1,095 reviews171 followers
February 5, 2020
The authors here attempt an admittedly difficult task, a new overview of the growth of the American state and the problems of American government. They posit that since the founding, a state of "rights" and "structure" has been replaced by a state focused on "policy." They define policy as a state commitment to a designated goal, on behalf of some group, with set guidelines, and show that the more and more policy has indeed eroded traditional ideals.

Since policy aims to accomplish clear goals, it overrides rights and structures when those stand in its way. If the goal is, for instance, collective bargaining for labor, the National Labor Relations Board is required to mediate groups, facilitate grievances, and grant power to labor unions. This means breaking down the traditional tripartite structure of government, and it means removing certain rights from people, such as to a jury trial. Unlike many conservative commentators, however, the authors don't focus on just how business's rights suffered, but how once the workers' rights became subject to legislation and administration, their rights became more tenuous. By the 1947 Taft-Hartley Act, labor unions too became subject to unfair labor practices prosecutions. The trajectory in fact shows the movement of rights as "trumps" as Dworkin claims they are, to rights as "chips" in the policy state, or rights that are just temporary abilities to negotiate, always subject to manipulation, without firm grounding.

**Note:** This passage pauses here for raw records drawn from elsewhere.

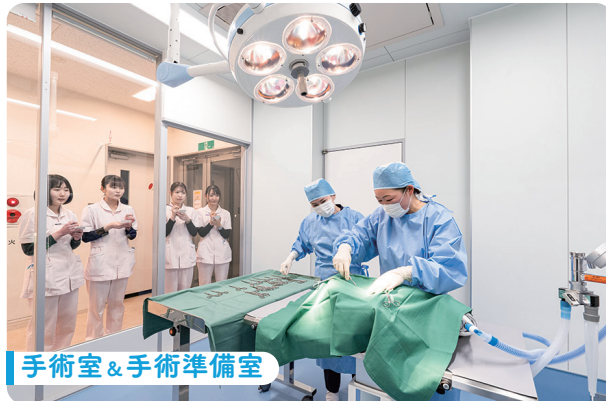
手術室&手術準備室

手術器具の準備やガウンテクニックについて学び、実際の手術を見学し手術の流れを学ぶことができます。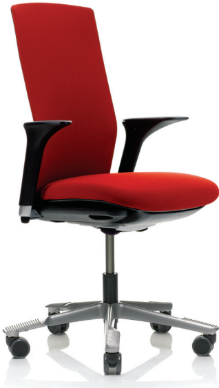
HÅG Futu 1020 (lisävarusteena käsinojat)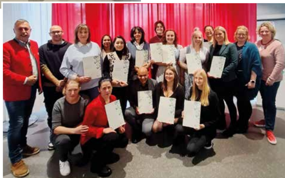
Bildungszentrum für Pflege und Gesundheit Ost (2)

Die Zeit der Ausbildung ist vorbei, hinein ins Berufsleben! Die Arbeiterkammer gratuliert herzlich und versichert, auch künftig mit Rat und Tat zu unterstützen, sollte es Probleme geben. Einsendungen an: redaktion@akstmk.at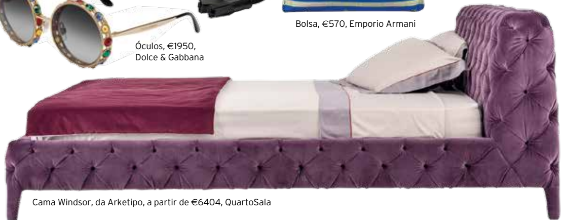
Cama Windsor, da Arketipo, a partir de €6404, QuartoSala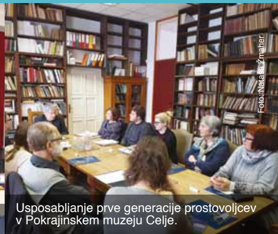
Usposabljanje prve generacije prostovoljcev v Pokrajinskem muzeju Celje.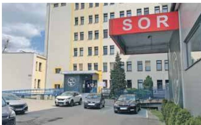
Od kwietnia w nocy i w święta można skorzystać z opieki pielęgniarskiej w szpitalu

Od początku kwietnia w nocy, w dni wolne i święta można też skorzystać z opieki pielęgniarki w dodatkowym punkcie, który uruchomiono w szpitalu powiatowym w Tarnowskich Górach przy ul. Pyskowskiej. W „Trójce” w ramach nocnej i świątecznej opieki zdrowotnej można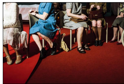
„Vader“ von Peeping Tom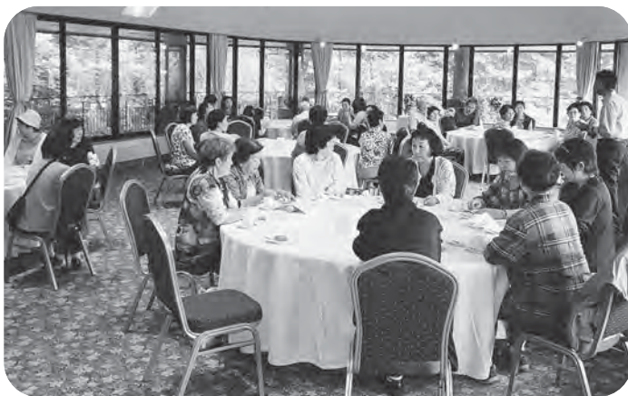
▲美しい庭園を眺めながらのティータイム♪

閉会を迎えるころには、常連の参加者の皆さんは「次は日帰りの旅行だね？また次も会うべね～♪」「去年は平泉だったから、今年は浜のほうへ行きたい！」など、早くも次回を楽しみにしている声が聞かれました。次回も多くの皆さんの参加をお待ちしています！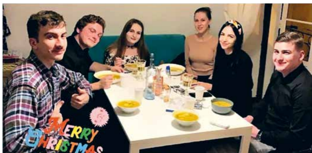
AN UNFORGETTABLE EXPERIENCE! ERASMUS IN PORTUGAL WINTER SEASON A.Y. 2019/2020

Podsumowując, polecam wszystkim taki wyjazd. Zdobywajcie doświadczenia i spełniajcie marzenia :) ■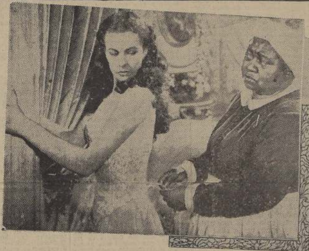
Vicién Leigh (Scarlett O'Hara) y Hattie McDaniel (Mama) en "LO QUE EL VIENTO SE LLEVÓ", producción de David O. Selznick, distribuida por Metro-Goldwyn-Mayer.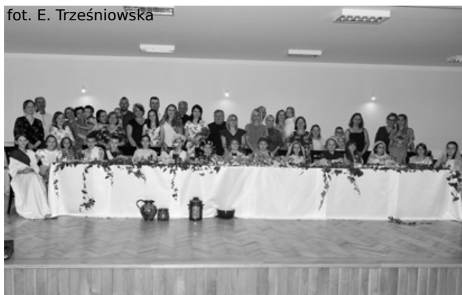
Wspólne zdjęcie uczestników projektu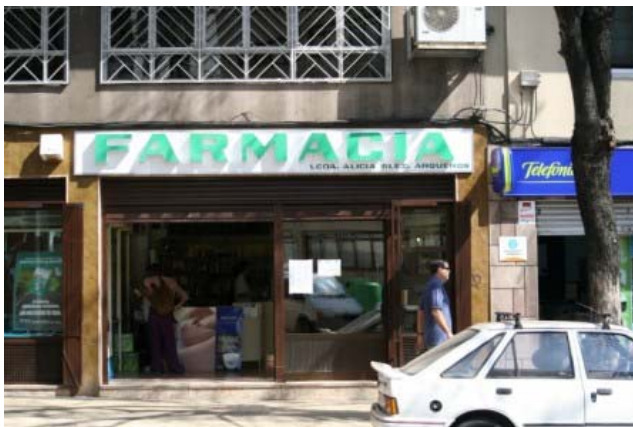
Una farmacia en Santa Cruz de Tenerife.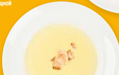
Сырный суп с тигровыми креветками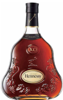
HENNESSY X.O ヘネシーX.O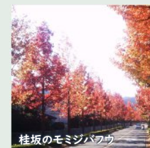
桂坂のモミジバフウ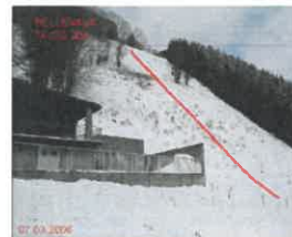
Avalanche du Petit Mont

Cette révision porte sur les phénomènes naturels d'avalanches, de mouvements de terrain et de débordements torrentiels.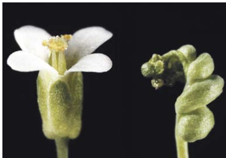
Arabidopsis thaliana , la plante vedette des laboratoires de biologie.

Pour leurs analyses, les spécialistes ont cultivé des générations d' Arabidopsis , dont certaines ne présentaient plus de fleurs. Ils ont alors observé que ce défaut, signe d'une mutation, découlait du saut d'Evadé. ■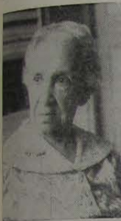
A. A. Filhos de Iguaçu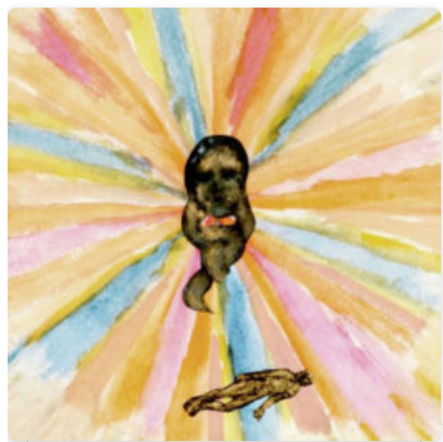
Nancy Spero y el arte como acto de rebelión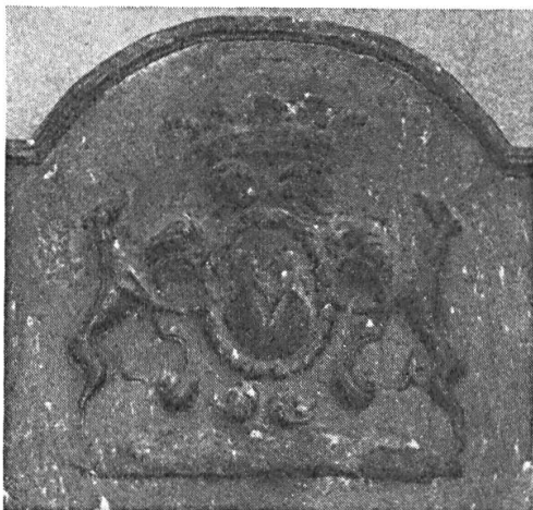
Fig. 4. de Vaudrey, XVIII e siècle.

La maison de Vaudrey, l'une des plus anciennes et des plus prolifiques du Comté de Bourgogne, a formé plusieurs branches, dont

The ultimate problem here is that while the argument is presented as original, it is just the old conservative critique of interventionist government in new clothes. State intervention tends to break down traditional rights and structures, it tends to expand the parameters of government and shrink the domain of the private individual, it makes politics more dangerous and extreme, Progressivism in particular has enlarged the presidency and shrank Congress, and so forth. The authors sometimes have a distinctive take on this, such as their "policy auras," idea, about how some legal and constitutional debates stay grounded in one sphere (say labor rulings, which for awhile were distinct from commerce or property), or the rights as chips idea. All of these insights are reasonable, and true to an extent, but they are a pretty typical too. For someone who wants a quick overview of how government evolved over the past 100 years, this works nicely, but it doesn't accomplish its authors' goals.
Profile Image for Samuel P.
116 reviews
June 2, 2025
My journey to become a true Skowronekite continues with one of his most recent contributions to the American Political Development field, with his co-founding parent of the field, Karen Orren. <3 This work is the distinguishing achievement of being a page turner and having me not want it to end, leading me to procrastinate finishing it in a futile attempt to avoid the inevitable. Again, another master class work proving that thick academic work can be enjoyable to read and sets the bar higher for all scholars not to be lazy writers and use 'complex jargon' as an excuse for poor writing skills. *cough* *cough* Frank Baumgartner and Bryan Jones *cough* *cough*

The book itself is an ominous warning and foreshadows the future of American politics. It seemingly starts inevitably spiraling into self-destruction as the pursuit of policy breaks and transforms all rights and structures that have tried to contain it for the last couple of hundred years, for better or worse.

The observations made here complement other works of these two scholars, including Skowronek's 'The Politics Presidents Make.' Furthermore, the ideas put forward in this work have been lovingly researched, making it a prime example of excellent scholarship. It builds a cohesive narrative that explains and provides evidence for this new paradigm of understanding political development in the US.